#### DATA SECTION:
========================================

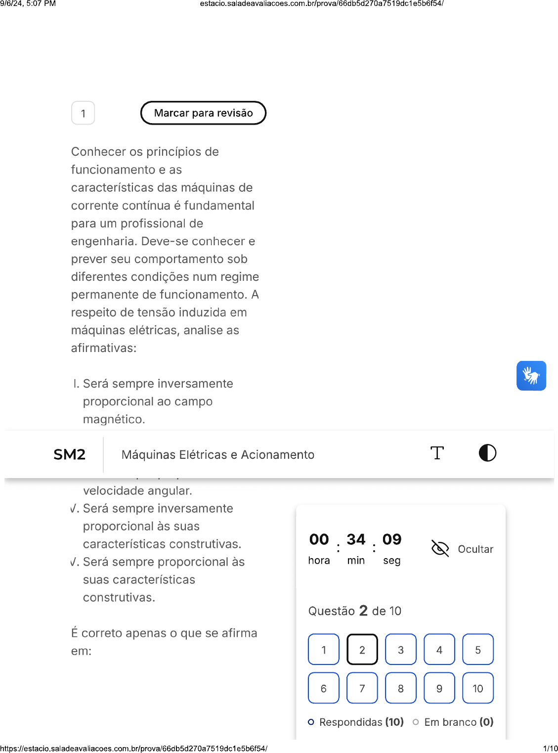 <p>9/6/24, 5:07 PM estacio.saladeavaliacoes.com.br/prova/66db5d270a7519dc1e5b6f54/ 1 Marcar para revisão Conhecer os princípios de funcionamento e as características das máquinas de corrente contínua é fundamental para um profissional de engenharia. Deve-se conhecer e prever seu comportamento sob diferentes condições num regime permanente de funcionamento. A respeito de tensão induzida em máquinas elétricas, analise as afirmativas: I. Será sempre inversamente proporcional ao campo magnético. SM2 Máquinas Elétricas e Acionamento T velocidade angular. V. Será sempre inversamente proporcional às suas características construtivas. 00 34 . 09 Ocultar V. Será sempre proporcional às hora min seg suas características construtivas. Questão 2 de 10 É correto apenas o que se afirma em: 1 2 3 4 5 6 7 8 9 10 Respondidas (10) Em branco (0) 1/10</p><p>9/6/24, 5:07 PM A Apenas I. Finalizar prova B I, e III. C IV e V. D I e II. E II, III e V. 2 Marcar para revisão Conhecer os princípios de funcionamento e as características das máquinas de corrente contínua é fundamental para um profissional de engenharia. Deve-se conhecer e prever seu comportamento sob diferentes condições num regime permanente de funcionamento. Considere a máquina parada, nesse momento, alimenta-se o circuito de campo, criando-se o fluxo. Em seguida, alimenta-se o motor com tensão terminal constante. Analise as afirmativas abaixo: I. A tensão induzida no rotor será zero, no momento da partida, 2/10</p><p>9/6/24, 5:07 PM considerando que não há magnetismo residual. II. Nos condutores aparecerá uma força induzida, que é dependente do raio do eixo. II. sistema entrará em equilíbrio, quando o torque elétrico induzido for igual à soma do torque mecânico e do torque de perdas da máquina. É correto apenas o que se afirma em: A I e III. B e II. C Apenas II. D I, e III. E Apenas I. 3 Marcar para revisão Conhecer os princípios de funcionamento e as características das máquinas de corrente contínua é fundamental para um profissional de engenharia. Deve-se conhecer e 3/10</p><p>9/6/24, 5:07 PM prever seu comportamento sob diferentes condições num regime permanente de funcionamento. Num gerador, o ângulo entre os vetores velocidade e campo magnético varia ao longo de uma rotação. Qual foi a solução para produzir tensão contínua ao longo de toda uma rotação? Utilizar faces polares A convexas. Utilizar faces apolares B convexas. Utilizar faces apolares C côncavas. Utilizar faces polares D côncavas. Utilizar faces planas E reflexivas. 4 Marcar para revisão Conhecer os princípios de funcionamento e as características das máquinas de corrente contínua é fundamental para um profissional de engenharia. Deve-se conhecer e prever seu comportamento sob 4/10</p><p>9/6/24, 5:07 PM estacio.saladeavaliacoes.com.br/prova/66db5d270a7519dc1e5b6f54/ diferentes condições num regime permanente de funcionamento. Num gerador composto, considerando que a corrente de carga aumenta, então, pode-se esperar que: A corrente de armadura A diminui. A corrente de armadura B aumentará. Diminuição da tensão C induzida no gerador. Redução da força D magnetomotriz do campo série. A queda de tensão na E resistência de armadura estabiliza. 5 Marcar para revisão Um transformador trifásico Y - A é construído a partir de um banco de transformadores monofásicos de 10 kV / 220 V, cuja impedância do ramo longitudinal, refletida para o lado de AT é 24 Sabendo que a carga conectada ao terminal de BT do 5/10</p><p>9/6/24, 5:07 PM transformador drena da rede uma corrente de 500 A, com fator de potência 0,8 (capacitivo), a tensão terminal do lado de AT, em kV, é aproximadamente: A 17,2 B 16,8 C 11,3 D 18,4 E 10,0 6 Marcar para revisão Um autotransformador é montado a partir de dois transformadores monofásicos de 220V / 5V. Sabendo que a tensão V1 = 220 V, V2 é igual a: A 205 V B 210 V 6/10</p><p>9/6/24, 5:07 PM C 195 V D 215 V E 200 V 7 Marcar para revisão Um transformador trifásico Y - A é construído a partir de um banco de transformadores monofásicos de 10 kV / 220 V, cuja impedância do ramo longitudinal, refletida para o lado de AT é Sabendo que a carga conectada ao terminal de BT do transformador drena da rede uma corrente de 500 A, com fator de potência 0,8 (capacitivo), a tensão terminal do lado de AT, em kV, é aproximadamente: A 10,0 B 18,4 C 17,2 7/10</p><p>9/6/24, 5:07 PM D 11,3 E 16,8 8 Marcar para revisão Considere o circuito da figura a seguir, utilizado para comandar um relé e um contato auxiliar. O comando em destaque representa um: L RT C1 Fonte:-próprio-autor A Contato elétrico Contato normalmente B fechado C Contato térmico 8/10</p><p>9/6/24, 5:07 PM Contato normalmente D aberto E Contato digital 9 Marcar para revisão Em um fusível, quanto maior for o comprimento do fio do metal utilizado em seu interior, maior será a sua: A Resistência elétrica B Área C Condutividade D Tolerância E Capacidade de proteção 10 Marcar para revisão Os dispositivos de proteção capazes de resguardarem a integridade física de 9/10</p><p>9/6/24, 5:07 PM equipamentos por meio da detecção da ausência de determinada fase de sua alimentação são os denominados: A Relés PTC B Relés de falta de fase C Disjuntores motores D Relés de tensão mínima E Relés bimetálicos 10/10</p>
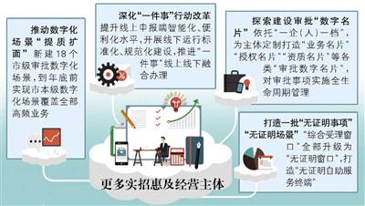 推动数字化场景“提质扩面”,新建18个市级审批数字化场景,到年底前实现市本级数字化场景覆盖全部高频业务;推动数字化服务向区市延伸覆盖。深化“一件事”行动改革,提升线上申报端智能化、便利化水平,开展线下运行标准化、规范化建设,推进“一件事”线上线下融合办理。探索建设审批“数字名片”,依托“一企(人)一档”,为主体定制打造“业务名片”“授权名片”“资质名片”等各类“审批数字名片”,对审批事项实施全生命周期管理。
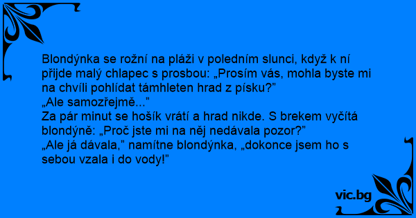 Blondýnka se rožní na pláži v poledním slunci, když k ní přijde malý chlapec s prosbou: „Prosím vás, mohla byste mi na chvíli pohlídat támhleten hrad z písku?”

========================================

#### YOUR OBJECTIVE:
Give back the data exactly, with no images.

#### REPLY TO THE EXERCISE:
 <p>9/6/24, 5:07 PM estacio.saladeavaliacoes.com.br/prova/66db5d270a7519dc1e5b6f54/ 1 Marcar para revisão Conhecer os princípios de funcionamento e as características das máquinas de corrente contínua é fundamental para um profissional de engenharia. Deve-se conhecer e prever seu comportamento sob diferentes condições num regime permanente de funcionamento. A respeito de tensão induzida em máquinas elétricas, analise as afirmativas: I. Será sempre inversamente proporcional ao campo magnético. SM2 Máquinas Elétricas e Acionamento T velocidade angular. V. Será sempre inversamente proporcional às suas características construtivas. 00 34 . 09 Ocultar V. Será sempre proporcional às hora min seg suas características construtivas. Questão 2 de 10 É correto apenas o que se afirma em: 1 2 3 4 5 6 7 8 9 10 Respondidas (10) Em branco (0) 1/10</p><p>9/6/24, 5:07 PM A Apenas I. Finalizar prova B I, e III. C IV e V. D I e II. E II, III e V. 2 Marcar para revisão Conhecer os princípios de funcionamento e as características das máquinas de corrente contínua é fundamental para um profissional de engenharia. Deve-se conhecer e prever seu comportamento sob diferentes condições num regime permanente de funcionamento. Considere a máquina parada, nesse momento, alimenta-se o circuito de campo, criando-se o fluxo. Em seguida, alimenta-se o motor com tensão terminal constante. Analise as afirmativas abaixo: I. A tensão induzida no rotor será zero, no momento da partida, 2/10</p><p>9/6/24, 5:07 PM considerando que não há magnetismo residual. II. Nos condutores aparecerá uma força induzida, que é dependente do raio do eixo. II. sistema entrará em equilíbrio, quando o torque elétrico induzido for igual à soma do torque mecânico e do torque de perdas da máquina. É correto apenas o que se afirma em: A I e III. B e II. C Apenas II. D I, e III. E Apenas I. 3 Marcar para revisão Conhecer os princípios de funcionamento e as características das máquinas de corrente contínua é fundamental para um profissional de engenharia. Deve-se conhecer e 3/10</p><p>9/6/24, 5:07 PM prever seu comportamento sob diferentes condições num regime permanente de funcionamento. Num gerador, o ângulo entre os vetores velocidade e campo magnético varia ao longo de uma rotação. Qual foi a solução para produzir tensão contínua ao longo de toda uma rotação? Utilizar faces polares A convexas. Utilizar faces apolares B convexas. Utilizar faces apolares C côncavas. Utilizar faces polares D côncavas. Utilizar faces planas E reflexivas. 4 Marcar para revisão Conhecer os princípios de funcionamento e as características das máquinas de corrente contínua é fundamental para um profissional de engenharia. Deve-se conhecer e prever seu comportamento sob 4/10</p><p>9/6/24, 5:07 PM estacio.saladeavaliacoes.com.br/prova/66db5d270a7519dc1e5b6f54/ diferentes condições num regime permanente de funcionamento. Num gerador composto, considerando que a corrente de carga aumenta, então, pode-se esperar que: A corrente de armadura A diminui. A corrente de armadura B aumentará. Diminuição da tensão C induzida no gerador. Redução da força D magnetomotriz do campo série. A queda de tensão na E resistência de armadura estabiliza. 5 Marcar para revisão Um transformador trifásico Y - A é construído a partir de um banco de transformadores monofásicos de 10 kV / 220 V, cuja impedância do ramo longitudinal, refletida para o lado de AT é 24 Sabendo que a carga conectada ao terminal de BT do 5/10</p><p>9/6/24, 5:07 PM transformador drena da rede uma corrente de 500 A, com fator de potência 0,8 (capacitivo), a tensão terminal do lado de AT, em kV, é aproximadamente: A 17,2 B 16,8 C 11,3 D 18,4 E 10,0 6 Marcar para revisão Um autotransformador é montado a partir de dois transformadores monofásicos de 220V / 5V. Sabendo que a tensão V1 = 220 V, V2 é igual a: A 205 V B 210 V 6/10</p><p>9/6/24, 5:07 PM C 195 V D 215 V E 200 V 7 Marcar para revisão Um transformador trifásico Y - A é construído a partir de um banco de transformadores monofásicos de 10 kV / 220 V, cuja impedância do ramo longitudinal, refletida para o lado de AT é Sabendo que a carga conectada ao terminal de BT do transformador drena da rede uma corrente de 500 A, com fator de potência 0,8 (capacitivo), a tensão terminal do lado de AT, em kV, é aproximadamente: A 10,0 B 18,4 C 17,2 7/10</p><p>9/6/24, 5:07 PM D 11,3 E 16,8 8 Marcar para revisão Considere o circuito da figura a seguir, utilizado para comandar um relé e um contato auxiliar. O comando em destaque representa um: L RT C1 Fonte:-próprio-autor A Contato elétrico Contato normalmente B fechado C Contato térmico 8/10</p><p>9/6/24, 5:07 PM Contato normalmente D aberto E Contato digital 9 Marcar para revisão Em um fusível, quanto maior for o comprimento do fio do metal utilizado em seu interior, maior será a sua: A Resistência elétrica B Área C Condutividade D Tolerância E Capacidade de proteção 10 Marcar para revisão Os dispositivos de proteção capazes de resguardarem a integridade física de 9/10</p><p>9/6/24, 5:07 PM equipamentos por meio da detecção da ausência de determinada fase de sua alimentação são os denominados: A Relés PTC B Relés de falta de fase C Disjuntores motores D Relés de tensão mínima E Relés bimetálicos 10/10</p>
 推动数字化场景“提质扩面”,新建18个市级审批数字化场景,到年底前实现市本级数字化场景覆盖全部高频业务;推动数字化服务向区市延伸覆盖。深化“一件事”行动改革,提升线上申报端智能化、便利化水平,开展线下运行标准化、规范化建设,推进“一件事”线上线下融合办理。探索建设审批“数字名片”,依托“一企(人)一档”,为主体定制打造“业务名片”“授权名片”“资质名片”等各类“审批数字名片”,对审批事项实施全生命周期管理。
 Blondýnka se rožní na pláži v poledním slunci, když k ní přijde malý chlapec s prosbou: „Prosím vás, mohla byste mi na chvíli pohlídat támhleten hrad z písku?”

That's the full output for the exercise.